If you take a special offer return and then effectively change the terms by extending the return leg I guess they will charge you the difference!
You can change times and dates on the website of course, but it does automatically pick up any extra cost due (but does not give refunds, as I found to my cost!)
We live in a market economy and that means prices vary for different markets. Day trippers are a different market from long distance travellers.

Alan


----------



## Stanner (Aug 17, 2006)

alhod said:


> IzzyJnr said:
> 
> 
> > bognormike said:
> ...


Exactly - in order to book you have to tick the "accept terms and conditions" box.

Once you have done that you have accepted whatever terms and conditions they wish to impose.

This may well be a problem with bookings made under the recent DFDS offer which, specifically excluded vehicles over 2.4metres high, where people claim to have a "confirmed" booking for vehicles specifically excluded from the offer. 
If DFDS choose to take a hard line and turn such vehicles away at check in, that will be that. They could of course take the other line of action open to them - allow travel but ONLY on the deck the offer applies to (as explained to me by DFDS customer service), the upper car deck, which is accessed by way of the steep, narrow & restricted headroom side ramps.
"Yes Sir/Madam, of course you can travel, your space is up there - good luck getting your m/home up there in one piece".


----------



## babyrhino (Oct 19, 2006)

Variation on the theme.

Coming back to the UK a few years ago we had to come through the tunnel earlier than originally planned and had to do a last minute booking. A single from France was about £80 but there was a day return offer for £25 or so from the UK.

I bought that and turned up at the booth with the intention of just using the return bit but they wouldn't let me on as I hadn't used the outward section. Ended up paying the single cost as well as the return!

Brian


----------



## Stanner (Aug 17, 2006)

In that instance the T&Cs you had accepted, said that both crossings must be used and in the right order, for the ticket to be valid. 
As you didn't use the outbound crossing the return was void.


----------



## babyrhino (Oct 19, 2006)

Yeah- should have read the T&C - like you never do. It almost made me want to do three trips just so I got my money's worth!


----------



## Easyriders (May 16, 2011)

Hm. Not sure about the idea that daytrippers subsidise those of us paying through the nose, because they help fill up empty trains or ferries.

If there's too many trains or ferries to fill to a reasonable level, then just provide fewer crossings, e.g hourly instad of every 15 minutes.

This would save energy and operating costs, and a flat one-way charge could be levied - much fairer. Eurotunnel make a big thing about being the greenest way to cross the channel, but they'd be greener still if they only ran the trains that are needed. And the energy and fuel wasted running half empty ferries must be colossal!
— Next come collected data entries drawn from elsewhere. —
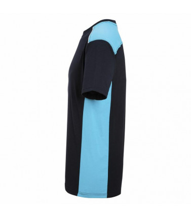 50% cotone, 50% poliestere. t-shirt maniche corte set-in, mantenimento della forma e resistenza al lavaggio, inserti di colore contrastante nei lati e sulle spalle. lavabile a 60â°c, ideale per asciugatrice, struttura con pannelli laterali.
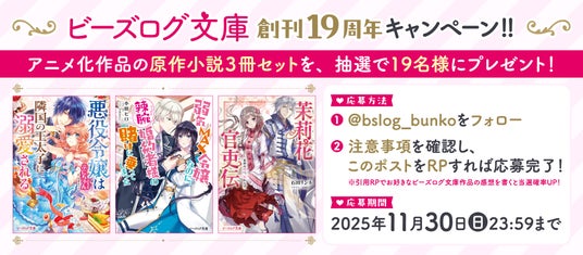 株式会社KADOKAWA(本社:東京都千代田区、取締役 代表執行役社長 CEO:夏野剛)のビーズログ文庫は、2025年10月に創刊19周年を記念してビーズログ文庫19周年フェアを開催いたします。
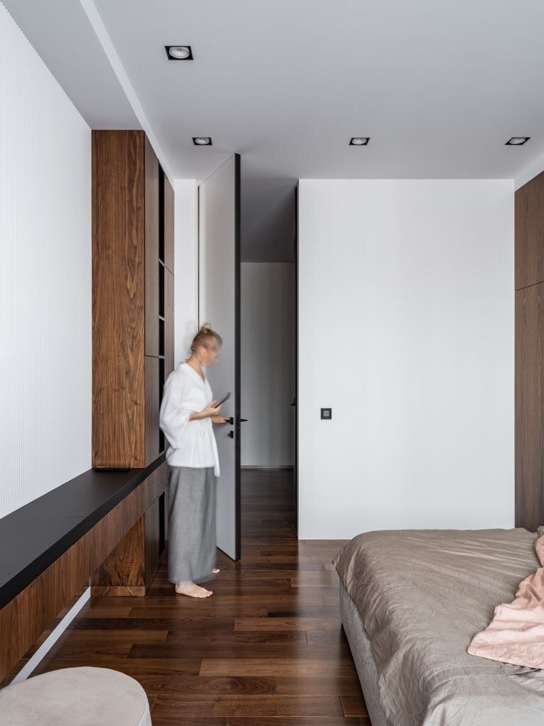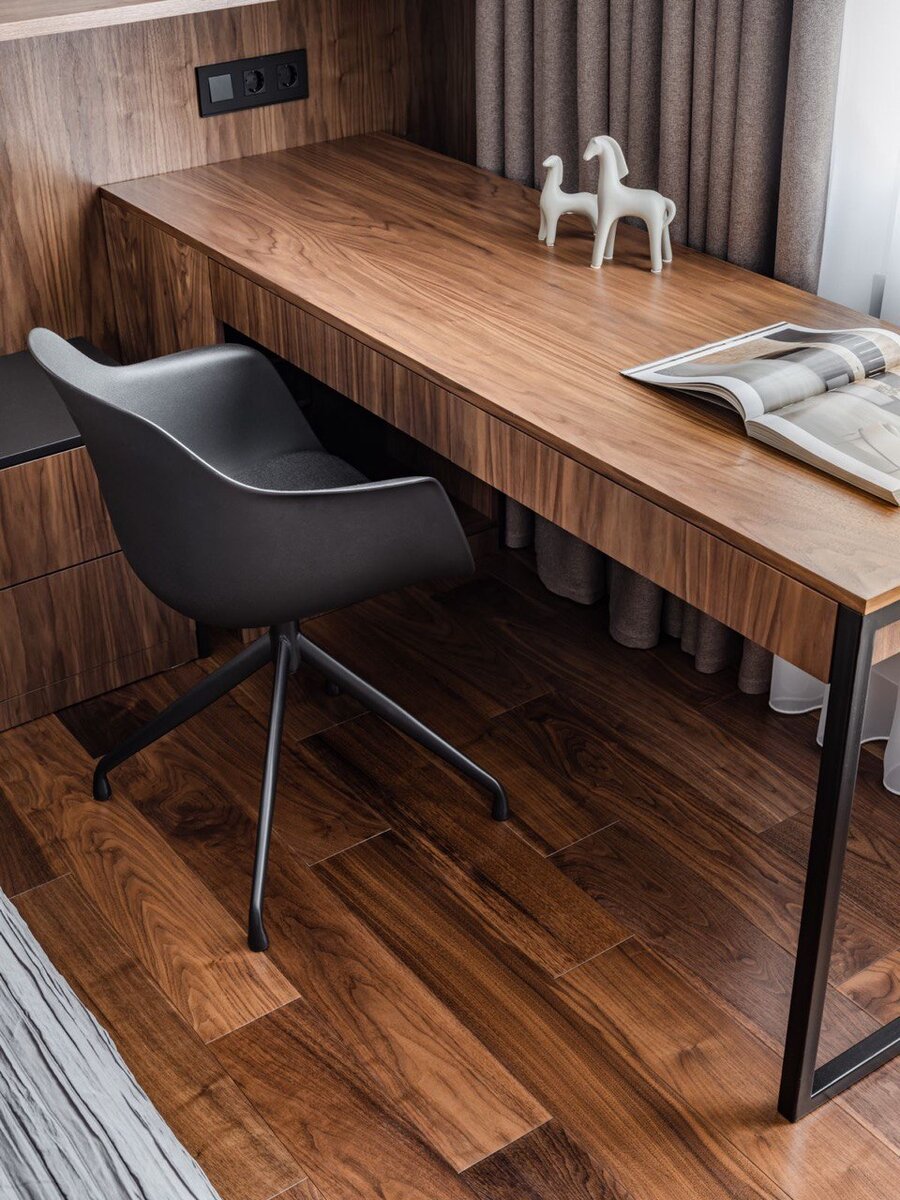 На фото представлен реализованный проект в Краснодаре, где использована инженерная доска из американского ореха в селекции «Селект». Этот пример наглядно демонстрирует, как такое покрытие добавляет интерьеру глубины и статусности.

After all, how many plane or even train routes in the UK run every 15 minutes?


----------



## goldi (Feb 4, 2009)

Afternoon all,


Sounds like one for The competition commission to me.


norm


----------



## alhod (Nov 1, 2010)

I can understand the reason for you going down this route of speculation and suggestions to the management on how they can improve their own business. However, bottom line (horrible expression - don't know why I use it!!) is that Eurotunnel have an inbuilt incentive and motivation to run the service in the best way possible - that incentive is called profit! If they thought that reducing the number of trains would result in more profit I am sure that would be done.
But there is a bigger picture here which we cannot possibly understand and so their decisions about the best way to produce the optimum profit at the end of the year prevail. 
One can speculate all day about how much they might save by cancelling one train but we have no way of knowing how such micro decisions would impact on the macro view which is what their management is concerned with!

If running a train service was that easy there would be many more people doing it.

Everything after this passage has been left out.